Re: PROBLEM: reproducible crash KVM+nf_conntrack all recent 2.6 kernels
From: Jon Masters <hidden>
Date: 2010-01-28 08:07:22
Also in:
lkml, netfilter-devel
On Thu, 2010-01-28 at 02:20 -0500, Jon Masters wrote:
On Thu, 2010-01-28 at 00:46 -0500, Jon Masters wrote:quoted
A number of people seem to have reported this crash in various forms, but I have yet to see a solution, and can reproduce on 2.6.33-rc5 this evening so I know it's still present in the latest upstream kernels too.
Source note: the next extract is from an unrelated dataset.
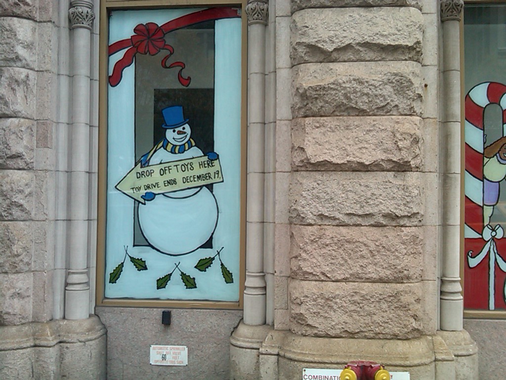 The 2014 Christmas Window Painting Season has begun. Actually it began almost two weeks ago. I’ve been in Manhattan this entire week except for today. Today I was in Brooklyn Painting Sal’s Pizza. He wanted a Santa toy workshop theme.

Userspace is Fedora 12, and this happens on both all recent F12 kernels (sporadic in 2.6.31 until recently, solidly reproducible on 2.6.32) and upstream 2.6.32, and 2.6.33-rc5 also - hard to find a "known good". The problem happens when using netfilter with KVM (problem does not occur without the firewall loaded, for example) and will occur within a few minutes of attempting to start or stop a guest that is connecting to the network - the easiest way to reproduce so far is simply to start up a bunch of Fedora guests and have them do a "yum update" cycle. All of the crashes appear similar to the following (2.6.33-rc5):Rebuilt the kernel with all debug options turned on, got some lockdep warnings (haven't looked further yet). Here's the output (attached full boot log also):
[ 339.730086] RIP: 0010:[<ffffffff813e5f3e>] [<ffffffff813e5f3e>] nf_ct_remove_expectations+0x49/0x5c
This appears to be in the hlist_for_each_entry_safe iteration within nf_ct_remove_expectations, iterating over the list of nf_conn_help(ers) returned by nfct_help. I don't know what that code does (I have an idea but only at a high level at this stage), though I'm poking a little here to see if I can understand enough of netfilter to be useful. Feel free to give me some pointers to help you guys debug this faster. Jon.